Pour assurer ma navigation, j'allai reconnaître Madère le 7 avril ; mes montres m'y conduisirent exactement. Ce même jour, à deux du soir,
par 33° 22' de latitude nord et 19" l'de longitude ouest, nous passâmes à cent mètres d'un plateau jaune pouvant avoir trois cents mètres de
diamètre; nous le vîmes tous distinctement et nous acquîmes la conviction qu'il était recouvert de fort peu d'eau. Le mouvement de la mer
l'indiquait assez, et si mon navire eût été dans d'autres conditions, j'eusse envoyé un canot sonder en cet endroit ; mais dans la crainte d'un
accident, je continuai ma route. Le 26 mai, à quatre heures et demie du soir, je mouillai à Rio.Janeiro; m'étant informé que l'état sanitaire de
cette place était bon, je me décidai à y renouveler mes provisions d'eau et à y compléter mes vivres.
Parti de Rio le 30 au matin, ma navigation jusqu'à Taïti, sans relâche, s'est accomplie avec tous les accidents de mer des parages que j'eus à
fréquenter et de la saison dans laquelle nous étions.
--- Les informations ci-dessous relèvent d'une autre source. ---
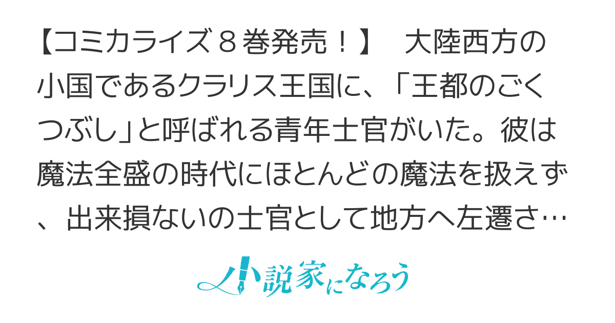 紹介するまでもない大人気アニメの原作ですね。ここでレビューを書いてもしかたないので、思い出話でも。私がいつもスマホでなろう小説を見ているので子供に何か読んでとせがまれて選んだのが、いつでも総合ポイント第1位のこの作品です。冒頭何話かを読み聞かせたのですがさすがに限界を感じて本作のアニメを見せてみました。なんということでしょう、あんなに苦労して朗読したストーリーが、アニメだとさくさく進んでいきます。アニメ最高という思い出です。結局子供は気に入って第1クールをアニメで見ましたが、ストーリーが内政メインになったあたりでまだ小さかったのでよく理解できなくなったようで第2クールは見れませんでした。第1クールは主人公やスライムがかわいらしくて楽しく見れたようです。全304話完結済み。
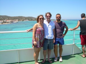 which they have found ruins. You can actually scuba dive down and see the ruins on the floor of the sea. At Simos, we went to the beach, on the far side (south) of the island, which was amazing. I need to find another word, but that’s really what I kept saying. The sky was blue. The water was blue. The beach was sandy and soft and clean. And there weren’t that many people there. We went pretty far out into the water, as it seems people really like to do in Greece. Jeff and I had the humbling experience of playing paddle ball in front of a lot of other people playing paddle ball who could actually play paddle ball. Kosmas and Jeff and I hit the volleyball around a bit — nice to get some exercise and not just laze on the beach. All the local talk was about how the beach might be privatized. Apparently, Brad Pitt was in town asking about buying up property. The locals are not happy.

Guidé par les instructions nautiques de Maury, je fis mon possible pour passer à quatre-vingts ou cent milles de la côte de Patagonie, mais
un coup de vent violent du sud-ouest qui fut tempête pendant quelques heures, me mit au large plus que je ne le désirais; profitant de
toutes les circonstances pour continuer ma route à l'ouest, je passai entre les Malouines et la terre des États. Je doublais le cap Horn le 21
juin ; jamais plus beau jour ne fut donné à un navigateur. Le soir à minuit j'étais à quatre milles au sud de Diégo-Ramirez. Je trouvai là un
navire allant h l'ouest et un grand vapeur se dirigeant à l'est. Favorisé par un vent d'est frais je fus vite rendu au méridien du cap Pilard; à
partir de cette position j'eus éternellement le vent debout, excepté dans deux affreuses bourrasques du sud-ouest qui me firent fuir
quelques heures sous la misaine.
Toujours en louvoyant, je remontai vers l'équateur, en ayant constamment deux et trois ris dans les huniers; je continuai ainsi jusqu'au
parallèle de 30", faisant de l'ouest et du nord autant que possible, je ne rencontrai les alizés du sud-est que vers le 22° de latitude sud. Le 29
juillet, je reconnus la première île des Pomotous, Honden ; je traversai cet archipel par le milieu en montrant le pavillon de la France dans
quatorze îles différentes, et enfin le 4 août à dix heures et demie du matin, cent sept jours après mon départ de France, dont quatre jours de
relâche, je mouillai à Taïti. Jamais on n'avait vu dans cette colonie un navire ayant fait une aussi prompte traversée. Avec cette frégate, j'ai
rencontré de quarante à cinquante navires faisant route comme moi il ne m'est pas arrivé de trouver son égal en vitesse: tout navire vu
devant à l'horizon, le matin, était perdu de vue derrière avant deux heures de l'après-midi.
En passant au milieu de l'archipel des Pomotous, j'eus lieu de reconnaître que la position de toutes ces îles est indiquée sur les cartes de huit
à dix minutes de trop à l'ouest. Je crois d'autant plus en la justesse de cette observation qu'ayant trois montres à bord, elles nous mirent
mathématiquement à tous nos points d'atterrissage.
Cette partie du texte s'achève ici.